Four papers find common theme in treating the German colonial period: Ralph Austen's 'Mythic transformation and historical continuity: the Duala of Cameroon and German colonialism' (Chapter Three); Robert O'Neil's 'Imperialisms at the century's end: Moghamo relations with Bali-Nyonga and Germany' (Chapter Four); Jean-Pierre Warnier's 'Rebellion, defection and the position of the male cadets' (Chapter 6); and Christaud Geary's contribution, 'Political dress: German-style military attire and colonial politics in Bamum' (Chapter Nine).
These four 'German' chapters are of course not isolated thematically from the rest of the book. O'Neil's, for example, complements well Fardon's look at the Bali-Nyonga, while Fardon himself makes reference to the status of the Bali-Nyonga as agents for German interests.
Verkijika Fanso and Bongfen Chem-Langhêê's
chapter, 'Nso' military organization and warfare in the nineteenth and twentieth
centuries', gives a good sense of the militaristic aspect of Grassfields history.
This is a theme also treated by O'Neil, but here not so much with respect to the
German campaigns discussed by O'Neil, as in the period prior to this, providing insight
into how the military strength of the Nso' evolved and operated.
Philip Burnham's 'Political relations on the eastern marches of Adamawa in the late nineteenth century', as its title indicates, fits neither the temporal nor the spatial aspects mentioned above, but in a sense is all the more interesting for this, as it helps form a frame for the other papers.
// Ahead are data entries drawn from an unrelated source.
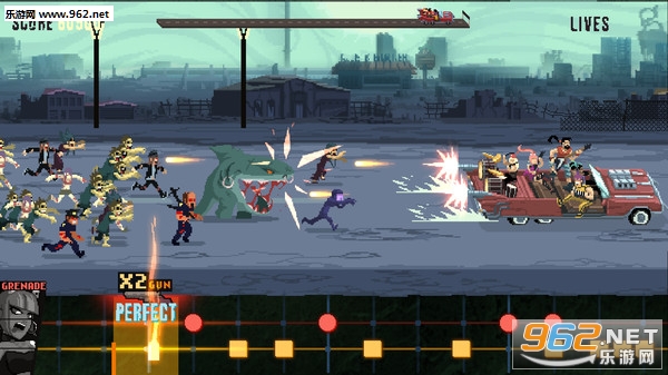 《鼓点英雄(Double Kick Heroes)》是一款让你玩得High得睡不着的节奏射击游戏。在传统的射击游戏中融入了弥漫着“死亡”的硬核金属!摁下随之而来的鼓点,随着摇滚车的节奏干掉那些玩儿命追你的丧尸们!
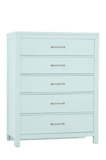 5 drawer chest features a modern reveal beneath the top and classic beaded rails; blending contemporary and traditional design.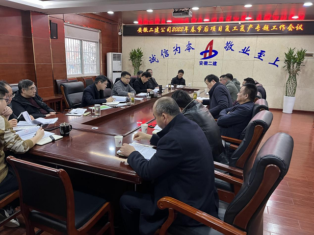 2月16日下午,安徽二建公司在一樓會議室召開了節(jié)后項(xiàng)目復(fù)工復(fù)產(chǎn)專題工作會議。公司總經(jīng)理李建成、財(cái)務(wù)總監(jiān)王干出席會議,會議由副總經(jīng)理葉和永主持。公司工程管理部、法務(wù)部(債權(quán)回收辦)、財(cái)務(wù)資產(chǎn)部、物資設(shè)備部、成本合約部、安全管理部、技術(shù)質(zhì)量部負(fù)責(zé)人、所屬各單位經(jīng)理、生產(chǎn)副經(jīng)理參會。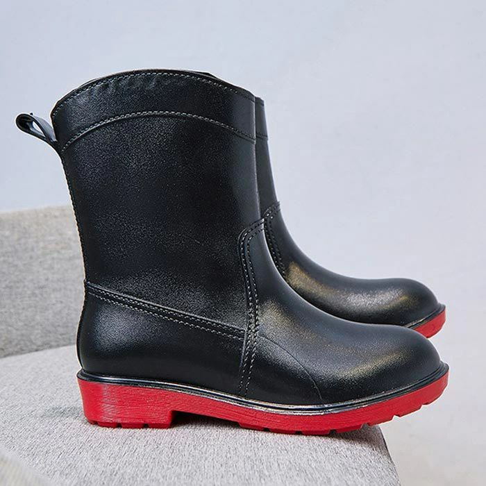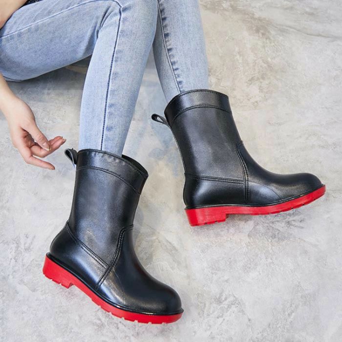 22.5~25.5cm レインブーツ 靴 通販 ブラック+レッド ブラック キャメル ブライトグリーン ピンク 35(22.5cm) 36(23cm) 37(23.5cm) 38(24cm) 39(24.5cm) 40(25cm) 41(25.5cm)

Two other contributions, both dealing with religion, round out the collection. These two papers - Joseph Bandzem on 'Catholicism and Nso' traditional beliefs' and Claude Tardits' 'Pursue to attain: a royal religion' - like other contributions to the book, both rely on documentary evidence from the period. Both also have a focus on individuals and their experiences, though Tardits' primary focus is on Njoya, the paramount ruler of the Bamoun, and his dominant influence in attempting to create a particularly Bamoun form of Islam. Side-by-side, the two papers make interesting comparative reading, for while the Nso' leaned towards Christianity, the religion of the incoming colonizers, Njoya favoured a form of Islam which, despite its ultimate foreign-ness and colonizing status, was seen as African.
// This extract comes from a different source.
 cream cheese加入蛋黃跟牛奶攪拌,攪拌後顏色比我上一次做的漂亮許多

In short, for those who are new or relatively new to Cameroon studies, this collection presents a gateway to an enticing world. For Cameroonists, the papers offered here will contribute to debate and discussion no doubt already familiar, but not settled. Many of the contributions presented here are more theoretical in nature than those included in the other two commemorative volumes, and as such this book may appeal more to the involved social anthropologist than to the 'academic tourist'. Nonetheless, there is much here for those less theoretically inclined, and the volume should interest a wide range of readers.